COP28 Outcomes: Toward a sustainable economic future in the GCC During COP28, the GCC countries addressed a wide range of issues affected by climate change through over 25 events held at the GCC pavilion, including agriculture, health, education, marine management, energy, youth leadership, etc. As the host country, the UAE took the lead in demonstrating steadfast commitments during the Conference. In addition to the pledge to the Loss and Damage Fund, the UAE launched Alterra, a private investment fund of USD 30 billion aimed at empowering climate projects in developing countries. To support the Methane Finance Sprint which aims at cutting methane emissions in low and middle-income countries, the UAE contributed USD 100 million to the grant funding pool. UAE banks also agreed to provide 1 trillion dirhams (around USD 270 billion) for green finance.

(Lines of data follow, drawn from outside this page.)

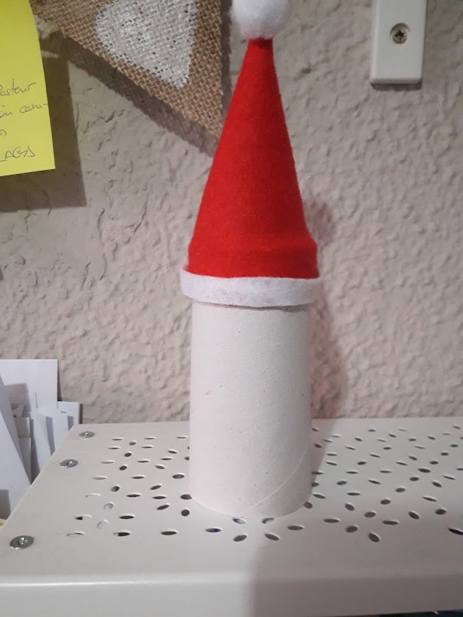 A este gorro le añadimos un pompón blanco en el extremo de arriba y se lo ponemos al rollo de cartón:
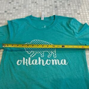 Oklahoma Bison Teal Cotton T-Shirt. Soft and light cotton material.
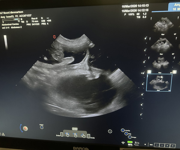 Amy gedroeg zich voorbeeldig bij de dierenarts. Eerst mocht een dierenarts in opleiding de echo doen zodat zij ervaring kon krijgen en daarna deed de dierenarts het nog een keer over. Amy bleef heerlijk rustig liggen en ze genoot van alle aandacht die ze kreeg.
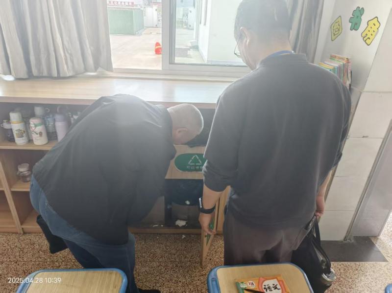 督学深入班级教室,查看常态规范执行情况。重点检查了班级垃圾分类落实情况。督学指出“垃圾分而置之,利于分而治之”,要求学校持续加强垃圾分类知识普及与环境意识培养。建议积极开展如“垃圾分类小达人”评选等形式多样的主题实践活动,激发学生参与热情,提升精准分类能力,培养良好习惯。
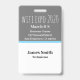 Insígnia de evento vertical personalizada en gris oscuro, blanco y colores azul de luces policiales. Todos los elementos son cambiables para adaptarse a sus necesidades. Elementos: nombre del evento, fecha del evento, ubicación del evento, nombre del asistente al evento, título del asistente al evento. Ranura en la parte superior para un cordón. También disponible en orientación horizontal en esta tienda.
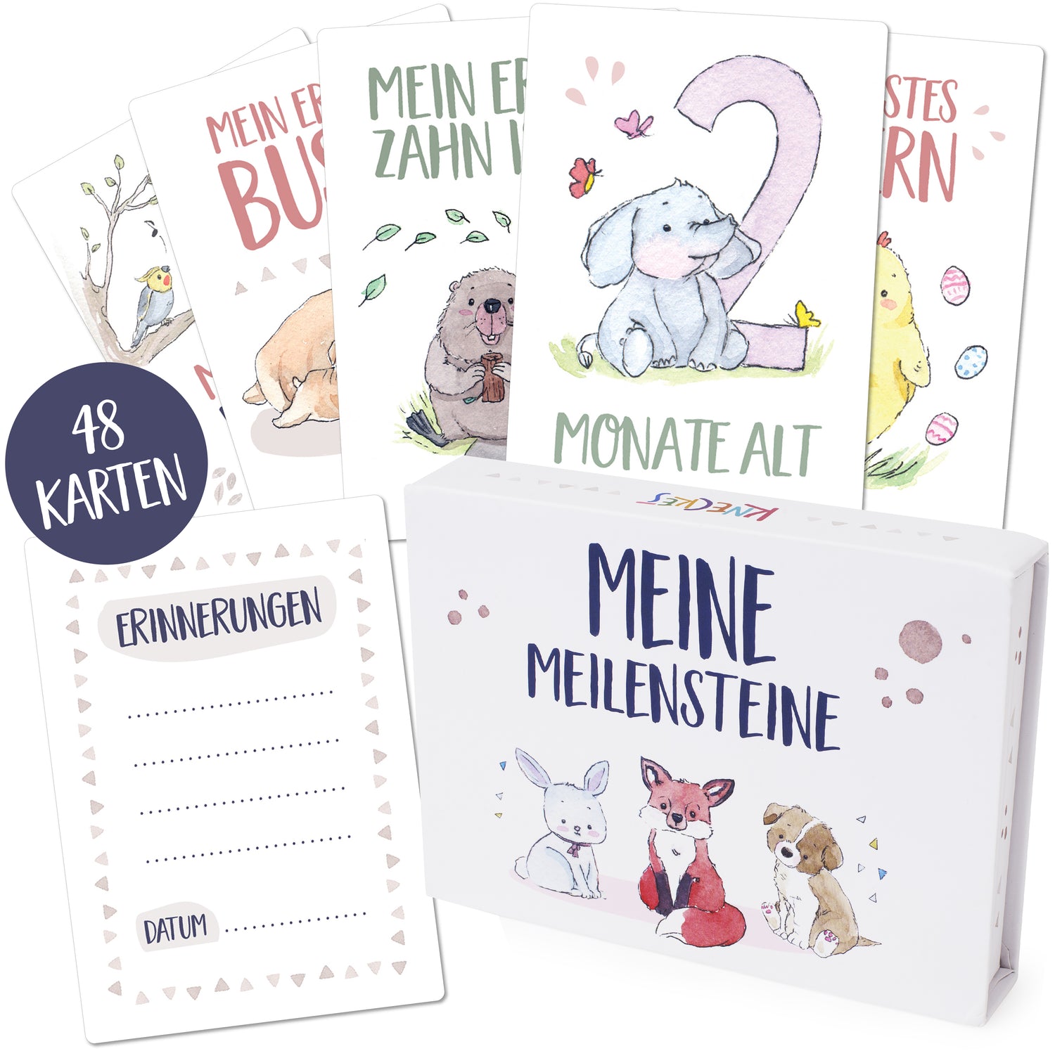 KNECKES 48 hochwertige Baby Meilensteinkarten inkl. schöner Geschenkbox

Nevertheless, with oil and gas playing a vital role in their economy and politics, some GCC nations are suspected of blocking or delaying a potential consensus on eliminating fossil fuels. Specifically, Saudi Arabia voiced its steadfast opposition to any phase-out or phase-down. It also asked other countries to take into consideration the “perspectives and concerns” of Riyadh. Likewise, before the climate conference came to an end, at the 12th Arab Energy Conference held on December 11-12, 2023, the Oil Minister of Kuwait Saad Al Barrak stated Kuwait’s firm opposition to any fossil fuel phase-out in the final decision of COP28. The strong opposition of Saudi-led OPEC countries remains a key driver behind the compromise of the final agreement of COP28 that prevented stronger language of ending fossil fuels. These factors will cause nations and stakeholders who advocate for a radical transition in the energy system to keep a closer eye on the next step of the GCC countries in the international climate regime. As the Conference concluded with an explicit ambition toward the energy transition, GCC countries–especially major hydrocarbon exporters like Saudi Arabia, Qatar, the UAE, and Kuwait–are supposed to take prompt action to address the climate diplomatic rift between domestic development interests and international community expectations.
Moreover, the outcome of COP28 also motivates GCC countries to diversify their economic and environmental policies. According to the World Energy Outlook released by the International Energy Agency (IEA), the current policy setting suggests a scenario that the global demand for coal, oil, and natural gas will reach its peak in the current decade with the proportion of fossil fuels in the global energy system decreasing from 80% to 73% by 2030. The UAE Consensus will further accelerate the progress towards the visible peak and a subsequent downward trend. Without reducing economic and development dependence on fossil fuels in export profiles and governmental revenues, GCC countries could remain vulnerable to consequent oil price fluctuations and the ebb and flow of the global energy market.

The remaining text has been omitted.